わかりました、と返事をし、井上は職員室を出る。
クラスを受け持っていない教師は、どちらかと言えば暇な時間が多い。
時間がつぶせるか、と応接室へ足を向けた。



「失礼します」

応接室に入ると、見覚えのある人物がいた。
黒いスーツに漆黒の髪、青い瞳、冷たい…。
有岬の兄だ。
思い出したかのように、有岬の可愛らしい顔が浮かぶ。
やけに憂鬱そうな表情は、この人物が作り上げたのだろうか。
不躾だが、井上は有岬の兄…桃千夜月を眺める。


「こんにちは。井上先生」

「こんにちは…えっと…」

「桃千夜月。有岬の兄です」

おかけください、と校医に言われて、井上は夜月の前に座った。
彼は井上のひとつひとつの仕草を確認しているようだ。
不躾な視線はあちらもか、と井上は夜月を眺めるのを続ける。


「先生は、化学専攻らしいですね」

「ええ。生物のほうがあまり得意ではないので」

「そうなのですか。…ああ、今日お話しようと思っていたのはこんなことではないのです」

笑っているが、目は笑っていない。
冷たい人だな、そう心の中で夜月の印象を決めた。


「桃千さんは、今日は仕事はお休みで?」

「ええ。私の他にも秘書がいるので」

へえ、と相槌を打ち、校医が出したお茶をすする。
目の前に座る夜月は、窓を眺めていた。


「…有岬の体のことは知っていますか」

「体が弱い、ということですか?」

「ええ。病弱で、話すことができない、かわいそうな子」

つけ足された言葉に、愛情がこもっているのを感じる。
夜月が有岬を深く愛していることが十分に伝わってきた。
夜月の次の言葉を待つようにじっと見つめる。

「失声症になった原因のことは聞きましたか?」

「…いえ。

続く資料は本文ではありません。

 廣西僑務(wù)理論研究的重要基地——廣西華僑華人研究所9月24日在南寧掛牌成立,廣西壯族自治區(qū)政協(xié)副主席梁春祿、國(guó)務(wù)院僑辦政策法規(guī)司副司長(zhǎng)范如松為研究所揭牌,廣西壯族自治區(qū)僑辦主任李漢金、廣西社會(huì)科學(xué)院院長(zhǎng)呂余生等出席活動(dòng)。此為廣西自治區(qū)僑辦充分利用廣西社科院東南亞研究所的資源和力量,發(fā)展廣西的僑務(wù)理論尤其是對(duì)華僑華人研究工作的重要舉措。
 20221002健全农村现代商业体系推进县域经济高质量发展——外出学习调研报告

本人が話したくなければ、話さなくていいと思ってましたので」

失声症は心因的な原因が多いと聞いていた。
井上はその旨を伝え、夜月の反応を待つ。
夜月は窓から視線をそらさずに、ずっと外を眺めている。


「9年前の誘拐事件、覚えてますか」

9年前の誘拐事件。覚えている。
穏やかで、平和なこの土地を震撼させた事件だった。
当時は学生だった自分も、テレビにかじりついてニュースを見ていたのを覚えている。
確か、金銭目的の犯行で、数週間にも渡ったものだった。
誘拐されたのは当時小学2年生の少年。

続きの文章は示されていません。